The clot 700 can have a firm portion that can be pinched between the tip of the catheter 300 and the spiral section 111 of the cage structure 110. The pinch can be achieved by forwarding the catheter 300 or intermediate catheter over the cage structure 110 until a portion of the clot 700 is compressed between the tip of the catheter 300 and a crown or strut on the proximal portion of the cage structure 110. This pinch facilitates removal of the clot 700 as it increases the grip of the cage structure 110 on the clot, particularly fibrin rich clots. Proximal retraction of the pinched clot may elongate the clot 700 reducing the dislodgement force by pulling the clot 700 away from the vessel wall during the dislodgement process.

FIG. 6 is a cross-section of a valve assembly 400 according to this disclosure. In some examples, the valve assembly 400 can include a distal valve 427, a main body portion 410, a distal body portion 412, and a moveable head shell 420. The distal valve 427 can be configured to engage the proximal region 310 of the delivery catheter 300. In some examples, a portion of the shaft 120 extends through a lumen 413 of the main body portion 410. In some examples, the distal body portion 412 can include a plurality of grooves 411, and the moveable head shell 420 can be configured to ratchet proximally over the plurality of grooves 411 to thereby maintain tension on the shaft 120.

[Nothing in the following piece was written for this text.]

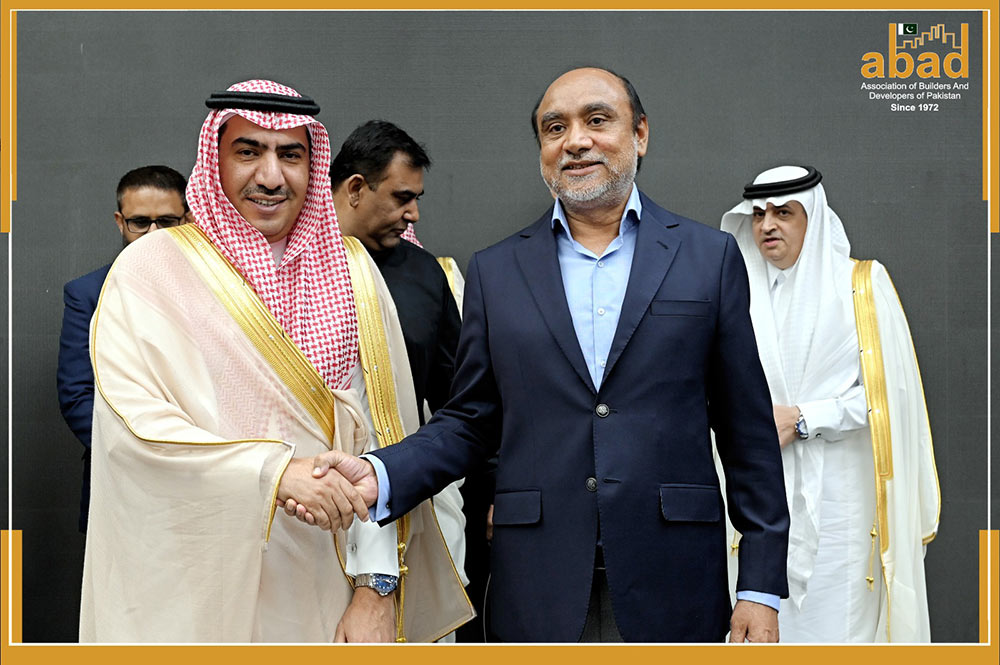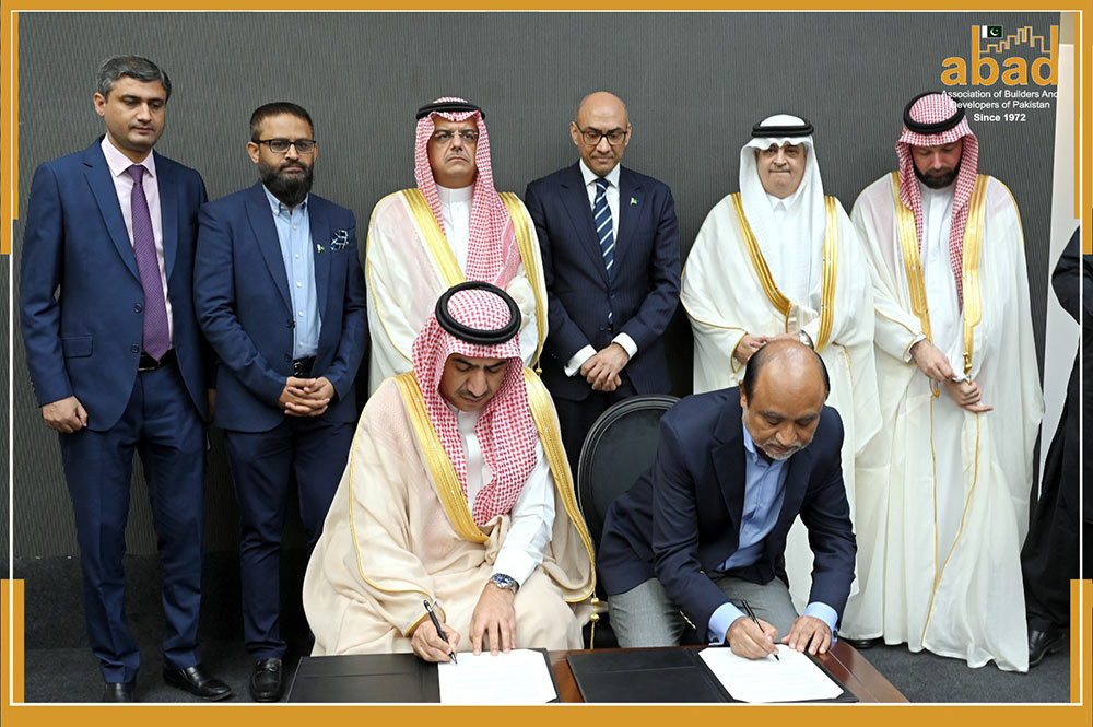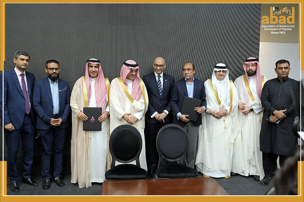 A Memorandum of Understanding (MoU) was signed between the Association of Builders and Developers of Pakistan (ABAD) and the Saudi Pakistan Business Council (SPBC) to enhance economic cooperation between Pakistan and Saudi Arabia. In the pictures, Senior Vice Chairman ABAD Syed Afzal Hameed and Vice Chairman SPBC Muhammad Abdulaziz Al-Jalaan are signing the MoU, while Vice Chairman ABAD Tariq Aziz and Chairman Southern Region Ahmed Owais Thanvi are also present on the occasion. The meeting was held under the leadership of Prince Mansoor bin Muhammad Al Saud.

Shaft tension can be important during certain procedures. As noted above, the present cage structure 110 is designed to pinch small, tough clots. Once the clot is pinched, any release of the tension on the shaft can release the pinch and clot. Allowing the user to maintain tension on the shaft by providing controls on the valve assembly 400 helps facilitate maintaining that tension.

In some examples, the moveable head shell 420 can include a tooth 421 configured to engage the grooves 411, a threaded portion 422, and a threaded head 424 configured to engage the threaded portion 422 and crush a seal 425, wherein the seal 425 when crushed locks the shaft 120 in place in relation to the threaded head 424, and wherein the tooth 421 is configured to disengage with the grooves 411 of the main body 410 upon a flexing away from a central axis 430 of the valve 400.

FIG. 7 illustrates part of a valve assembly 400 including a movable head shell 420 with external grips 426 according to this disclosure. In some examples, the moveable head shell 420 can further include external grips 426 disposed on the proximal end 423 of the movable head shell 420. In some examples, a distal end 427 of the moveable head shell 420 can include thin plastic cylindrical walls configured to deform responsive to a pinch, and wherein the pinch causes the flexing away from the central axis of the valve.

FIG. 8 shows a method 500 of removing a clot from a blood vessel as disclosed herein. The method steps in FIG. 8 can be implemented by any of the example means described herein or by similar means, as will be appreciated.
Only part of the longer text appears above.